Parents in Jackson, Georgia threw a unique birthday party for their daughter, dressing her and her friends like Target employees and renting out one of their stores. The parents seem to have misinterpreted their daughter’s wish - when she said “put on targets and run around a warehouse”, she just meant she wanted to go play laser tag.
A study from London discovered that eating fast food immediately decreases men’s testosterone levels and lowers their sperm count. So if you were looking for a sign that the universe has gone insane, Chick-fil-A is apparently selling birth control.
An American institution took a big hit as the Boy Scouts of America officially filed for bankruptcy this week. But don’t you worry about the Boy Scouts, if anyone is able to find a loophole it’s the guys that spend 15 years learning to tie knots.
One Simple Fix For the NBA All Star Game
Re-energized by its new format, last Sunday’s NBA All-Star Game was one of the best we’ve ever seen. The final minutes featured 10 of the best players in the world, playing hard, with real stakes involved. It was publicly acclaimed as basketball at its highest level.
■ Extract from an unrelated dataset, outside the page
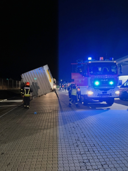 Am Mittwoch, 22.Februar 2023 kurz vor dreiviertel fünf Uhr morgens wurden die Freiwilligen Feuerwehr Steinabrückl zu einer Bergung eines umgestürzten Fracht-Container bei einem ortsansässigen Paketdienst alarmiert. Bei unserem Eintreffen stand ein umgekippte Frachtcontainer auf der Fahrbahn und lehnte sich an einen daneben geparkten Kleintransporter. Vom Einsatzleiter der Freiwilligen Feuerwehr Steinabrückl wurde entschieden, die Unfallstelle abzusichern und einen Kran zur Unterstützung bei den Bergungsarbeiten anzufordern.
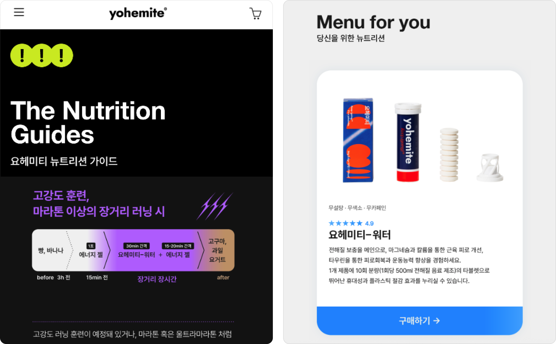 요헤미티는 러너·사이클리스트를 위한 뉴트리션 가이드와 마라톤 패키지/100% 페이백 챌린지를 함께 운영해, 제품 구매를 루틴 실천 경험으로 자연스럽게 연결합니다.

But I’m not so convinced that’s true. While the middle of February always marks the NBA All Star Break, it also marks another event in the basketball timeline: the end of the high school season. I’m not so sure the best competition in the world isn’t playing in those games.
If you think I’m talking about the nation’s top recruits who could go straight to the pros if given the option, you couldn’t be more incorrect. No, no, I’m talking about high school basketball managers.
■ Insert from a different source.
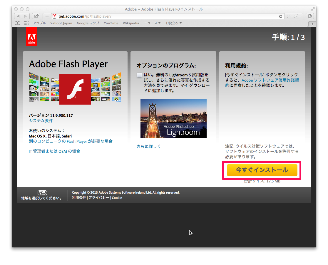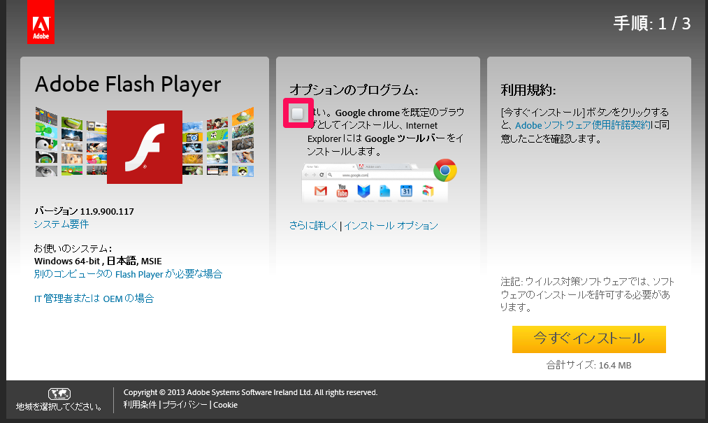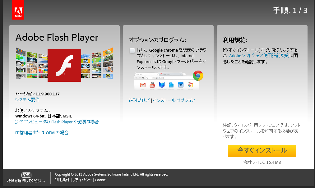 ※自分の環境ではこの回答を受けた時間には既に最新版のAdobe Flashが自動で入ってたので、この手順を試せていません。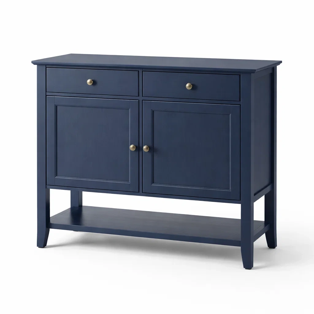 Ce buffet est en bois avec une finition de peinture bleue. Il mesure 100 cm de long, 40 cm de large et 85 cm de haut. Le poids total est de 25 kg.

Since the advent of social media, each year towards the end of the season, countless videos are released of high school basketball managers who weren’t good enough to make the team getting to play in one of the team’s final games. And while they may not have been good enough to make their respective teams, according to the videos I see on Facebook, these kids come in and play like the best players on the planet.
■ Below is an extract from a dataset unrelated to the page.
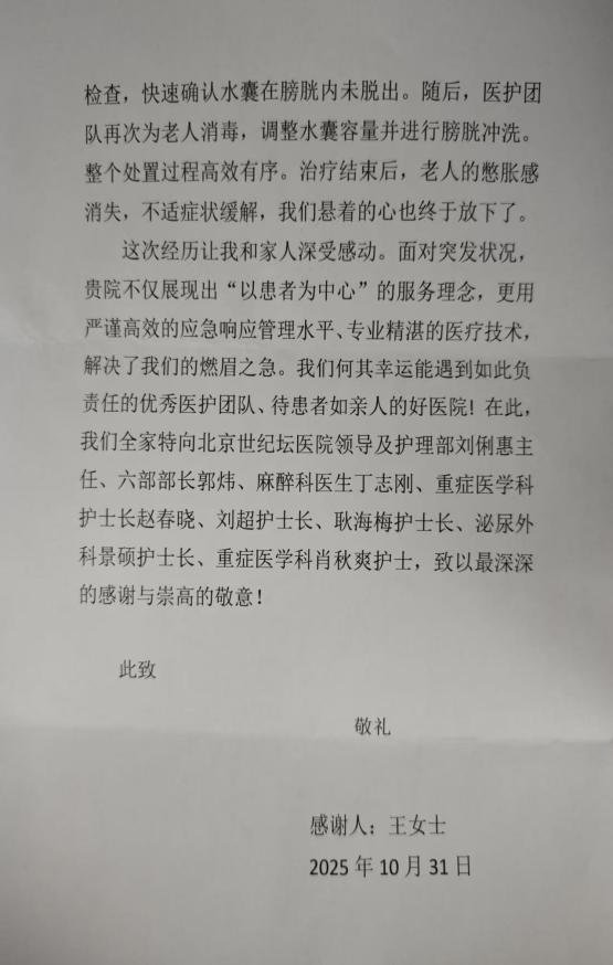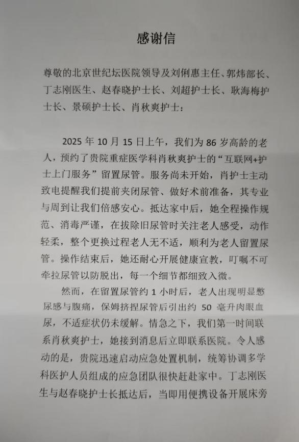 面面锦旗映初心,一纸感谢诉真情。近日,患者曹阿姨的家属专程来到首都医科大学附属北京世纪坛医院,将三面锦旗和三封感谢信送到护理部、重症医学科、麻醉科等科室的医护人员手中。这背后是一段跨越医院与家门的紧急救援故事,缘起2025年10月15日的一次“互联网+护理服务”。

The form on their jumpers is often ugly – some kids launch it like a trebuchet, others have the special ability to make it look like they’re shooting something much heavier than a basketball. But the outcome is always the same – buckets. So, I have just one request:
Instead of the 10 best NBA players playing in the All-Star Game next year, I’d like the 5 best players to face off against 5 randomly selected high school basketball managers. Despite the team likely coming in at an average of 5’5 and 112lbs, I’m confident that they could use their special manager powers and give the world’s best a heck of a game. If nothing else, they should be very well-rested.